Recorded information:
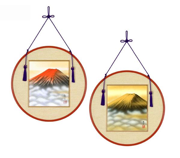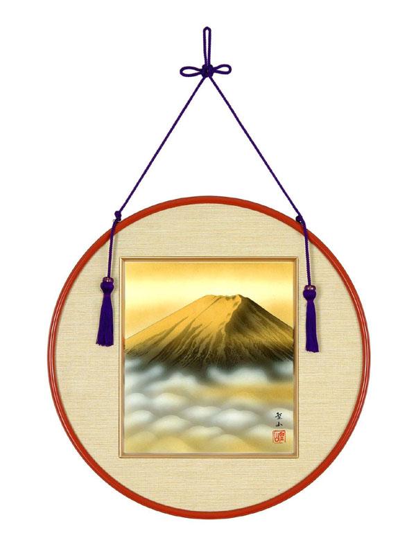 吉祥の兆しとして尊ばれているおめでたい赤富士・金富士を格式ある丸額にセットしました。お手持ちの色紙絵と差しかえも出来ます。お祝い事のプレゼントにも最適です。
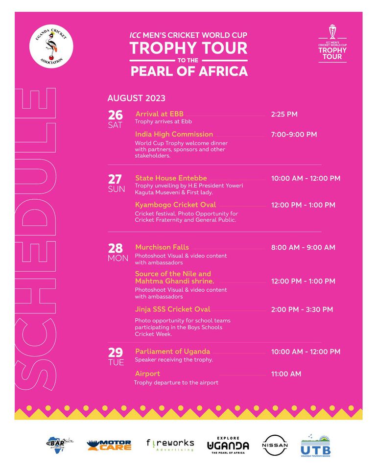 The local cricket governing body confirmed the trophy tour itinerary, including a visit to the state house with the President H.E Yoweri Kaguta Museveni and the Parliament of Uganda.
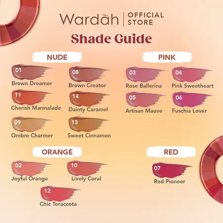 01 BROWN DREAMER, 02 JOYFUL ORANGE, 03 ROSE BALLERINA, 04 PINK SWEETHEART, 05 ARTISAN MAUVE, 06 FUCHSIA LOVER, 07 RED PIONNER, 08 BROWN CREATOR, 09 OMBRE CHARMER, 10 LIVELY CORAL, 11 CHERIS MARMALADE, 12 CHIC TERRACOTTA, 13 SWEET CINNAMON, 14 DAINTY CARAMEL, 15. TRANQUIL HAZEL, 17. BEYOND SUNSET, 21. MAGNETIC RED, 22. POISE PLUM
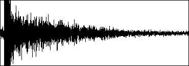 Using the recording Walkman, find a place on campus whose reverberation time you would like to measure. Record a balloon pop with the microphone located about 10 feet (3 m) from the balloon and then play back the recording while you listen on the headphones, re-setting the counter to zero at the sound of the pop. Take the recorder to a non-PowerPC Mac that can run SoundEdit 2.0.5 (in Hicks 314 or equivalent) and connect the recorder to the computer using a patch cord (the stereo jack end of the cord should be in the tape player's headphone plug and one of the mono jack ends of the cord should be in the computer's microphone input plug). Rewind the tape slightly and play back the tape while SoundEdit is recording (hint: best results are obtained when the volume control of the tape player is set quite low but not too low; you may have to rewind and try several different volume control settings). Experiment to get the least clipping of the pop while obtaining a good decay shape such as this:
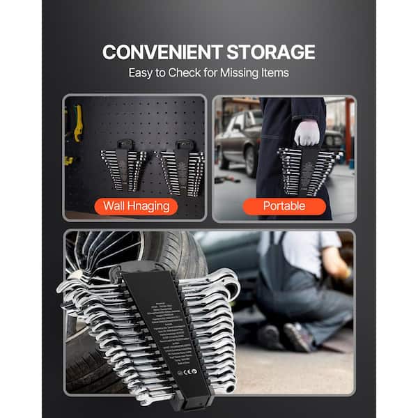 16-Piece Ratcheting Wrench Set, Combination Wrench Set with Organizer Rack, Cr-V Steel, Metric 8mm to 24mm
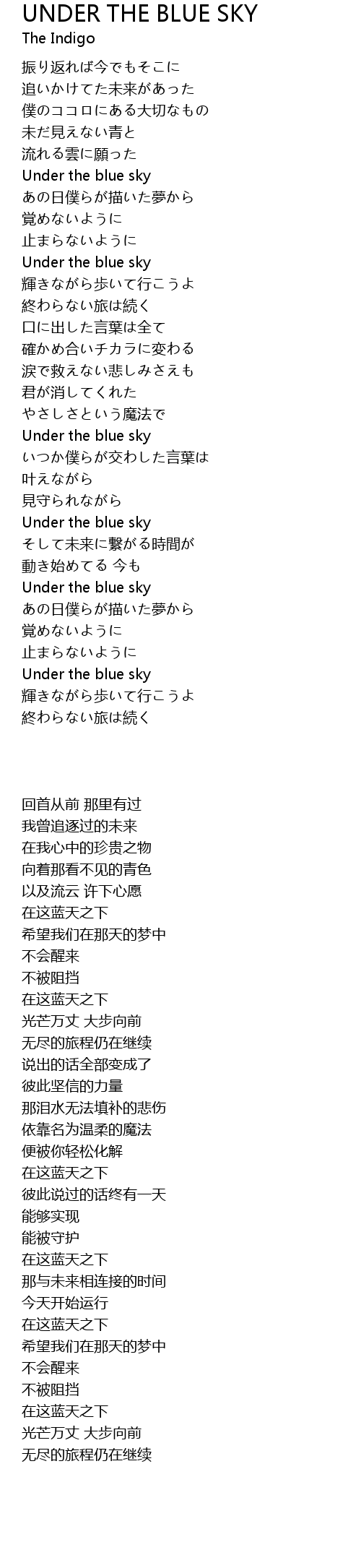 UNDER THE BLUE SKY Lyrics
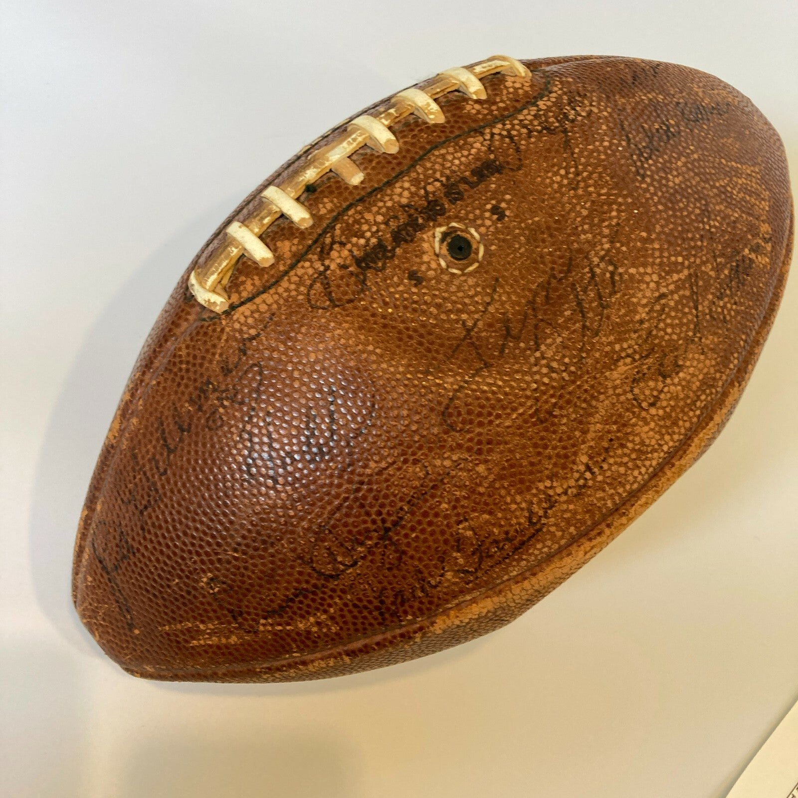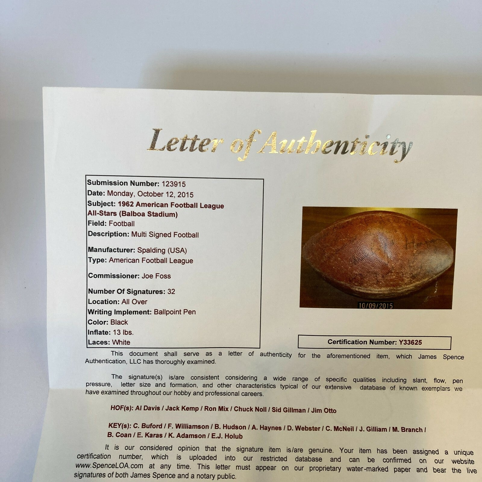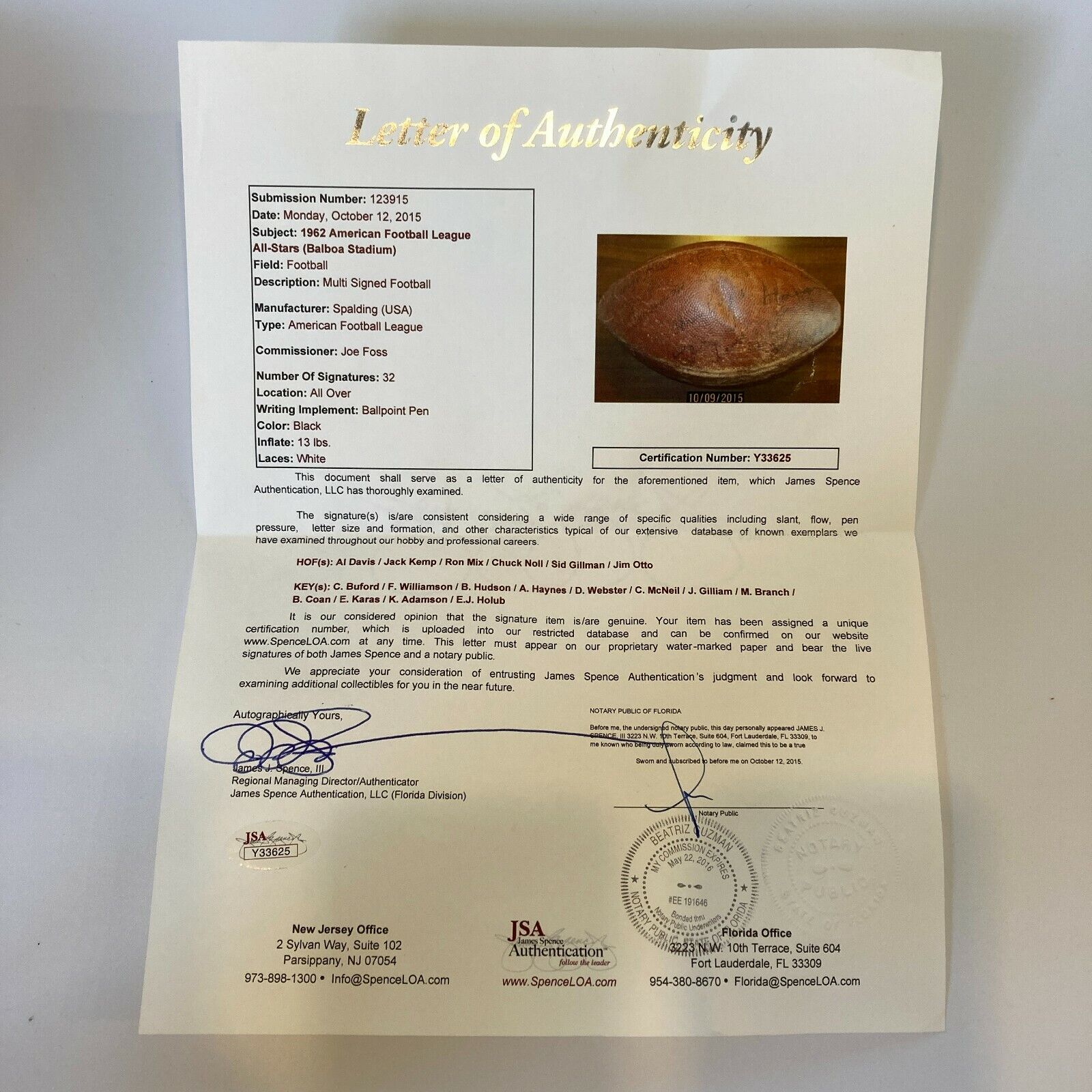 Rare early 1960s AFL team signed game used football. 32 signatures in all. The highlights include a rare early Al Davis, a super early Chuck Noll, Jack Kemp, Ron Mix, Jim Otto and Sid Gillman, for a total of six HOFers. The other signatures include Branch, Gilliam, Haynes and Williamson. The ball is not inflated but presents nicely.

Action item: All of the records above are to be written out exactly, minus their images.

Written solution:
 吉祥の兆しとして尊ばれているおめでたい赤富士・金富士を格式ある丸額にセットしました。お手持ちの色紙絵と差しかえも出来ます。お祝い事のプレゼントにも最適です。
 The local cricket governing body confirmed the trophy tour itinerary, including a visit to the state house with the President H.E Yoweri Kaguta Museveni and the Parliament of Uganda.
 01 BROWN DREAMER, 02 JOYFUL ORANGE, 03 ROSE BALLERINA, 04 PINK SWEETHEART, 05 ARTISAN MAUVE, 06 FUCHSIA LOVER, 07 RED PIONNER, 08 BROWN CREATOR, 09 OMBRE CHARMER, 10 LIVELY CORAL, 11 CHERIS MARMALADE, 12 CHIC TERRACOTTA, 13 SWEET CINNAMON, 14 DAINTY CARAMEL, 15. TRANQUIL HAZEL, 17. BEYOND SUNSET, 21. MAGNETIC RED, 22. POISE PLUM
 Using the recording Walkman, find a place on campus whose reverberation time you would like to measure. Record a balloon pop with the microphone located about 10 feet (3 m) from the balloon and then play back the recording while you listen on the headphones, re-setting the counter to zero at the sound of the pop. Take the recorder to a non-PowerPC Mac that can run SoundEdit 2.0.5 (in Hicks 314 or equivalent) and connect the recorder to the computer using a patch cord (the stereo jack end of the cord should be in the tape player's headphone plug and one of the mono jack ends of the cord should be in the computer's microphone input plug). Rewind the tape slightly and play back the tape while SoundEdit is recording (hint: best results are obtained when the volume control of the tape player is set quite low but not too low; you may have to rewind and try several different volume control settings). Experiment to get the least clipping of the pop while obtaining a good decay shape such as this:
 16-Piece Ratcheting Wrench Set, Combination Wrench Set with Organizer Rack, Cr-V Steel, Metric 8mm to 24mm
 UNDER THE BLUE SKY Lyrics
 Rare early 1960s AFL team signed game used football. 32 signatures in all. The highlights include a rare early Al Davis, a super early Chuck Noll, Jack Kemp, Ron Mix, Jim Otto and Sid Gillman, for a total of six HOFers. The other signatures include Branch, Gilliam, Haynes and Williamson. The ball is not inflated but presents nicely.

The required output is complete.